Please install them before running this demo.
You can download them from the following websites:
Festival: http://www.cstr.ed.ac.uk/projects/festival/
SPTK: http://sp-tk.sourceforge.net/
HTS: http://hts.sp.nitech.ac.jp/
hts_engine API: http://hts-engine.sourceforge.net/
OpenFst: http://www.openfst.org/
In HTS-demo_CMU-ARCTIC-SLT, a simple F0 extraction script written in Tcl/Tk is included.
This script calls get_f0 function implemented in the open-source speech toolkit Snack.
Therefore, HTS-demo_CMU-ARCTIC-SLT also requires Tcl/Tk with Snack.
ActiveState (http://www.activestate.com/) provides a Tcl/Tk distribution named ActiveTcl
for many platforms. You can download it from
ActiveTcl: http://downloads.activestate.com/ActiveTcl/
The above distribution includes Snack and it is easy to install and use.
We recommend you to use this to run this demonstration
(Of course you can use your own tcl/tk with Snack).
Note that ActiveTcl 8.5 doesn't include Snack, please use ActiveTcl 8.4.
2. Setup HTS-demo_CMU-ARCTIC-SLT by running configure script:
% cd HTS-demo_CMU-ARCTIC-SLT
% ./configure --with-tcl-search-path=/usr/local/ActiveTcl/bin \
--with-fest-search-path=/usr/local/festival/examples \
--with-sptk-search-path=/usr/local/SPTK-3.3/bin \
--with-hts-search-path=/usr/local/HTS-2.1.1_for_HTK-3.4.1/bin \
--with-hts-engine-search-path=/usr/local/hts_engine_API-1.03/bin \
--with-openfst-search-path=/usr/local/openfst-1.1/bin
Please adjust the above directories for your environment.

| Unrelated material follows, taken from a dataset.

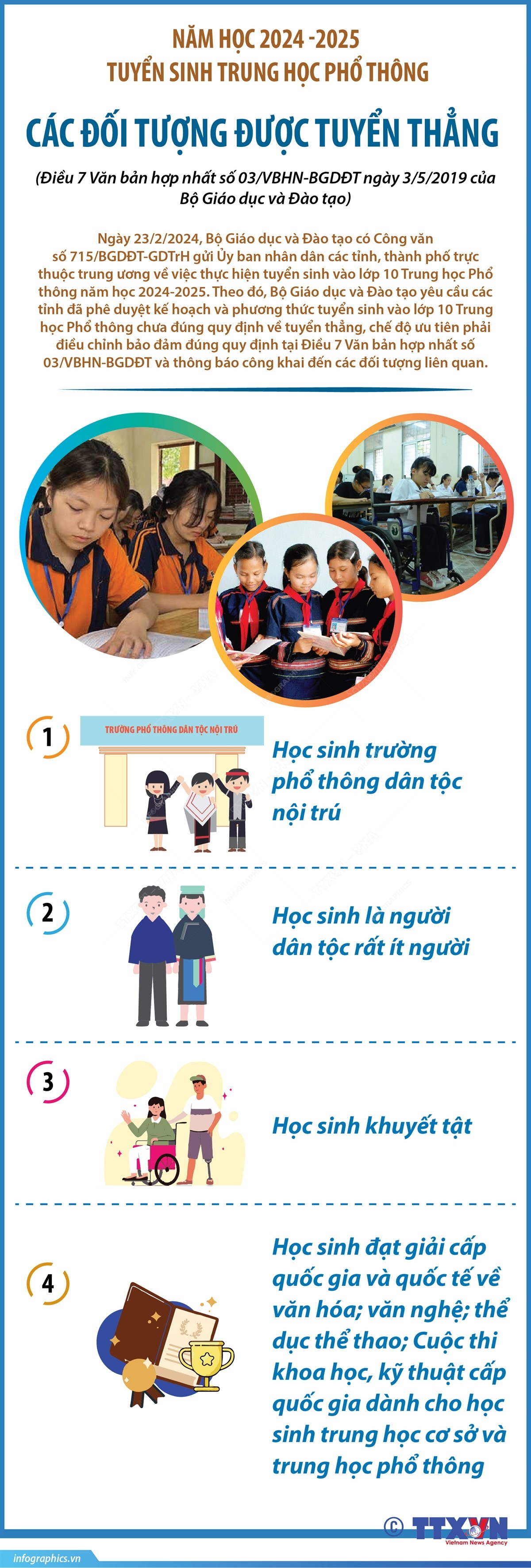 Ngày 25/2/2024, Bộ Giáo dục và Đào tạo có Công văn số 715/BGDĐT-GDTrH gửi Ủy ban nhân dân các tỉnh, thành phố trực thuộc trung ương về việc thực hiện tuyển sinh vào lớp 10 Trung học Phổ thông năm học 2024-2025. Theo đó, Bộ Giáo dục và Đào tạo yêu cầu các tỉnh đã phê duyệt kế hoạch và phương thức tuyển sinh vào lớp 10 Trung học Phổ thông chưa đúng quy định về tuyển thẳng, chế độ ưu tiên phải điều chỉnh bảo đảm đúng quy định tại Điều 7 Văn bản hợp nhất số 03/VBHN-BGDĐT và thông báo công khai đến các đối tượng liên quan.

Note that you should specify festival/examples rather than festival/bin.
You can change various parameters such as speech analysis conditions and model training conditions
through ./configure arguments. For example
% ./configure MGCORDER=24 GAMMA=0 FREQWARP=0.0 (24-th order cepstrum)
% ./configure MGCORDER=24 GAMMA=0 FREQWARP=0.42 (24-th order Mel-cepstrum)
% ./configure MGCORDER=12 GAMMA=1 FREQWARP=0.0 LNGAIN=0 (12-th order LSP, linear gain)
% ./configure MGCORDER=12 GAMMA=1 FREQWARP=0.0 LNGAIN=1 (12-th order LSP, log gain)
% ./configure MGCORDER=12 GAMMA=1 FREQWARP=0.42 LNGAIN=1 (12-th order Mel-LSP, log gain)
% ./configure MGCORDER=12 GAMMA=3 FREQWARP=0.42 LNGAIN=1 (12-th order MGC-LSP, log gain)
% ./configure NSTATE=7 NITER=10 WFLOOR=5 (# of HMM states=7, # of EM iterations=10, mix weight floor=5)
Please refer to the help message for details:
% ./configure --help
3. Start running demonstration as follows:
% cd HTS-demo_CMU-ARCTIC-SLT
% make
After composing training data, HMMs are estimated and speech waveforms are synthesized.
It takes about 12 to 18 hours :-)
12 to 18 HOURS??? And I don't even know what I'm going to end up with. What does "DEMO" mean? Does it just say something and stop? Also, do I want
http://hts.sp.nitech.ac.jp/archives/...-ADAPT.tar.bz2
or
http://hts.sp.nitech.ac.jp/archives/...RAIGHT.tar.bz2
?
It's not the 492Mb of each file I mind, it's the idea of spending 12-18 hours building one to find I wanted the other one!
The only manual I can find for Festival is here:
http://www.cstr.ed.ac.uk/projects/festival/manual/
Dated 1999, for version 1.4
I sometimes feel like I've missed the basics somewhere.
Were it not for threads like
this I'd be completely lost!